§ **GOAL OF THE EXERCISE**
Reproduce exactly the lines of this material that begin at the line with "2026.1.3 大圓覺弘法中心【阿彌陀佛聖誕】暨【大圓覺超度團點燈祈福法會】" and end at the line with "Если вы находитесь", both included. Omit the pictures and everything else.

§ **DATA RECORDS**
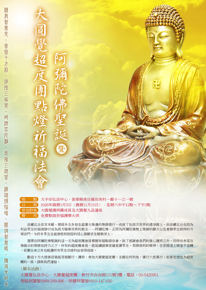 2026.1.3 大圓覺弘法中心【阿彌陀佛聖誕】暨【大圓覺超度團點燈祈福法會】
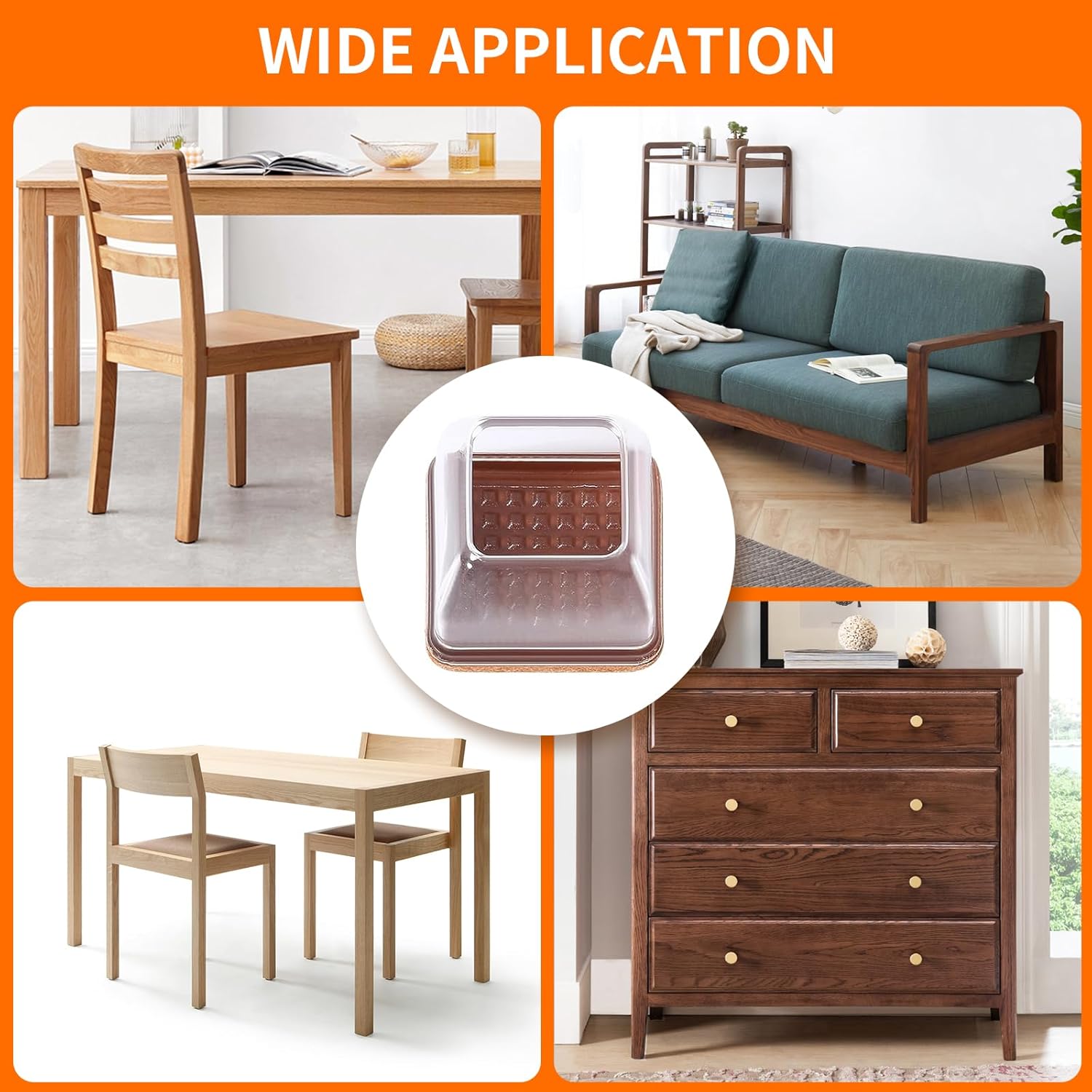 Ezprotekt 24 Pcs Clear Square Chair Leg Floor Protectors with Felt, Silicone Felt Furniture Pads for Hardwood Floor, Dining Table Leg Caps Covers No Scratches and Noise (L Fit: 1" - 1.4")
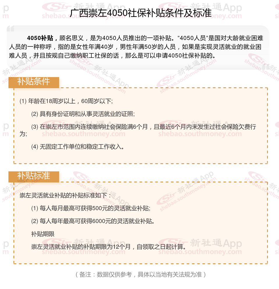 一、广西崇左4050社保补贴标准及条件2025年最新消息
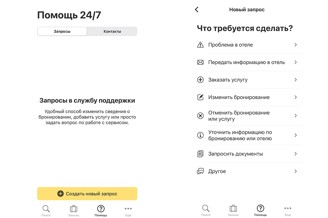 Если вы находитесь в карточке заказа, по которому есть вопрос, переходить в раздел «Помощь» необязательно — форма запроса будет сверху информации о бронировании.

...

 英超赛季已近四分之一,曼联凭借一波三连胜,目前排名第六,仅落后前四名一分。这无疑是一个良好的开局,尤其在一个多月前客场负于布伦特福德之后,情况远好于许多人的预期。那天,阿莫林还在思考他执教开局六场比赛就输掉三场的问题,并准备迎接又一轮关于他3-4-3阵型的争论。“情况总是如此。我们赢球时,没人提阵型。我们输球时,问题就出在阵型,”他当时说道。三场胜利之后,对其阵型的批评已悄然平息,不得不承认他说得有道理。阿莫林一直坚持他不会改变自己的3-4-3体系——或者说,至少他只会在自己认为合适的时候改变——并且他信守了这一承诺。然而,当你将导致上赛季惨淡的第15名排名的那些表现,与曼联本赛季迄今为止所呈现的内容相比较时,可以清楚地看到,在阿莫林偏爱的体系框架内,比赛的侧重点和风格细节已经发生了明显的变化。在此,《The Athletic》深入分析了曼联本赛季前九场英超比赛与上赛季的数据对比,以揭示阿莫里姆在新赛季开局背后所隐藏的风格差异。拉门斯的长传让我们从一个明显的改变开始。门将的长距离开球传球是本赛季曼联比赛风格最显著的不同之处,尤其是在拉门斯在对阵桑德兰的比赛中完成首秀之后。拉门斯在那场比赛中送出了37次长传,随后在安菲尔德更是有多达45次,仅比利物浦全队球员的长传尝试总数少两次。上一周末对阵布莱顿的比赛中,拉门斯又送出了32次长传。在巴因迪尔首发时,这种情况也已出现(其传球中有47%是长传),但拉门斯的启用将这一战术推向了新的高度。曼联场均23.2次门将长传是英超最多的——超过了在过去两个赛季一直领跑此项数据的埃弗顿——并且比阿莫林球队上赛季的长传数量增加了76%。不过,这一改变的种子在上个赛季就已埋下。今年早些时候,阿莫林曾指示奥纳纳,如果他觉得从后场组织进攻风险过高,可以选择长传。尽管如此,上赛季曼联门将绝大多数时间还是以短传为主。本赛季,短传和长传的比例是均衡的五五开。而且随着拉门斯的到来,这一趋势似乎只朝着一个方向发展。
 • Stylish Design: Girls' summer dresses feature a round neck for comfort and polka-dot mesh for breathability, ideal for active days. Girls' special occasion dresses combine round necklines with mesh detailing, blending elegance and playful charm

§ **EXPECTED ANSWER**
 2026.1.3 大圓覺弘法中心【阿彌陀佛聖誕】暨【大圓覺超度團點燈祈福法會】
 Ezprotekt 24 Pcs Clear Square Chair Leg Floor Protectors with Felt, Silicone Felt Furniture Pads for Hardwood Floor, Dining Table Leg Caps Covers No Scratches and Noise (L Fit: 1" - 1.4")
 一、广西崇左4050社保补贴标准及条件2025年最新消息
 Если вы находитесь в карточке заказа, по которому есть вопрос, переходить в раздел «Помощь» необязательно — форма запроса будет сверху информации о бронировании.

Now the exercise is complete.